4.6 Combining Spontaneous and Pre-specified Occurrences

While statistically and programmatically feasible to combine spontaneous (unsolicited) and pre-specified (solicited) occurrence data, it requires careful consideration.

Important

Key Programmer Considerations:

  • Statistical Alignment: Ensure that combining these data types makes statistical sense for your analysis, as their collection methodologies differ.

  • Denominator Management: Be extra vigilant with denominators. If you combine data, ensure your denominator correctly reflects the population at risk for both types of occurrences.

  • Excluding Non-Occurring Data: When combining, make sure to exclude records where the occurrence flag indicates “no occurrence” (e.g., --OCCUR = "N") from your analysis datasets to avoid inflating counts.

4.7 Other Data

OCCDS is flexible and can be applied to other types of occurrence data beyond just AEs and concomitant medications.
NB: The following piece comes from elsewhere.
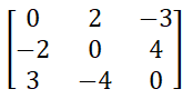 Es una matriz cuadrada cuyos elementos simétricos respecto de la diagonal principal son iguales en valor absoluto y de signo contrario. Además, los elementos de la diagonal son cero.

Key Programmer Considerations:

Important
  • Suitable Data Types:
    • Clinical Events (CE): Can be summarized by category.
    • Protocol Violations (PV): Often summarized by counting subjects with violations.
    • NCI-CTC Coded Lab Data: If lab data is coded using NCI-CTC (National Cancer Institute Common Terminology Criteria for Adverse Events), it can be summarized similarly to AEs, focusing on grading and frequency.
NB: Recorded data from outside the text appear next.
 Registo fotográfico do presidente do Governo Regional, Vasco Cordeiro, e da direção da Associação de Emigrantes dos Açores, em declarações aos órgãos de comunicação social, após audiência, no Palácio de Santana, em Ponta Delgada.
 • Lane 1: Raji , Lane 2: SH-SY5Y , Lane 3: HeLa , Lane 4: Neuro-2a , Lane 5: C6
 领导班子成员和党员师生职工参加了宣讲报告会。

4.8 General Rule for OCCDS vs. BDS:

Important
  • Use OCCDS: When your primary goal is to summarize hierarchical data by counting subjects (e.g., “how many subjects experienced a specific MedDRA Preferred Term?”).
-   **Use BDS:** When you need to summarize non-hierarchical data using a `PARAM` and `AVAL` approach (e.g., "what was the mean change from baseline in a lab parameter?").